Politik Die AfD im Nacken

Auf dem Landesparteitag der sächsischen CDU in Löbau soll der langjährige Generalsekretär Michael Kretschmer morgen den scheidenden Landesvorsitzenden Stanislaw Tillich beerben. Dieser tritt zurück wegen der hohen Verluste der CDU bei der Bundestagswahl, als die AfD stärkste Kraft in Sachsen wurde.

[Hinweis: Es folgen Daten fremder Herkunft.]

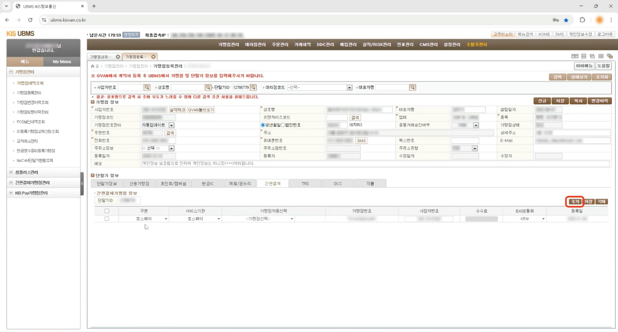 2. 가맹점 > 가맹점정보등록/조회 > 가맹점등록/수정/해지 메뉴에 접속해주세요.

Den Neustart hat sich Kretschmer gewiss anders vorgestellt. Kaum hatte ihn Tillich als „die neue und frische Kraft“ der Sachsen-Union auf den Schild gehoben, da gab es für den 42-Jährigen eine unangenehme Nachricht: Siemens will in Deutschland zwei große Standorte schließen, beide in Sachsen. Neben Leipzig ist auch das Werk in Kretschmers Heimatstadt Görlitz betroffen, es geht um fast 1000 Arbeitsplätze, die Jobs in den Zulieferbetrieben nicht mitgerechnet. Für die östlichste Stadt Deutschlands in der strukturschwachen Region ist dies eine weitere Hiobsbotschaft. Sie bestärkt die 56.000 Einwohner in dem Gefühl, abgehängt und benachteiligt zu sein. Kretschmer hat bei der Bundestagswahl erlebt, wie Stimmung sich in Stimmen ausdrückt: Nach 15 Jahren im Bundestag verlor der sächsische CDU-Generalsekretär sein Direktmandat an einen bis dahin nahezu unbekannten Malermeister von der AfD. Noch 2013 hatte er hier satte 49,6 Prozent geholt – und vier Jahre später siegesgewiss auf einen Platz auf der CDU-Landesliste verzichtet. Ministerpräsident Tillich gab im September nach neun Jahren auf, weil die AfD im Freistaat mit 27 Prozent knapp stärkste Partei wurde. Besser schnitten die Rechtspopulisten in keinem anderen Bundesland ab. In Kretschmers Wahlkreis erzielten sie sogar 32,9 Prozent, in manchen Dörfern an der Neiße über 40 Prozent. Seit 27 Jahren regiert die Union den Freistaat. Sachsen ist Deutschlands Musterknabe in Sachen solider Haushaltsführung. Die Staatsregierung ignorierte aber die Sorgen und Bedürfnisse der Menschen, investierte in großem Stil nur in die drei großen Städte Dresden, Leipzig und Chemnitz. „Wir werden neue Wege gehen“, versprach Kretschmer jetzt bei seiner Vorstellungstour durch die CDU-Kreisverbände. Kretschmer ist ein Hoffnungsträger – jung und zugleich erfahren in der Politik. Der Diplom-Wirtschaftsingenieur, der am kommenden Mittwoch auch zum sächsischen Ministerpräsidenten gewählt werden soll, hat für Reformen aber nicht viel Zeit. Im Sommer 2019 steht die nächste Landtagswahl an.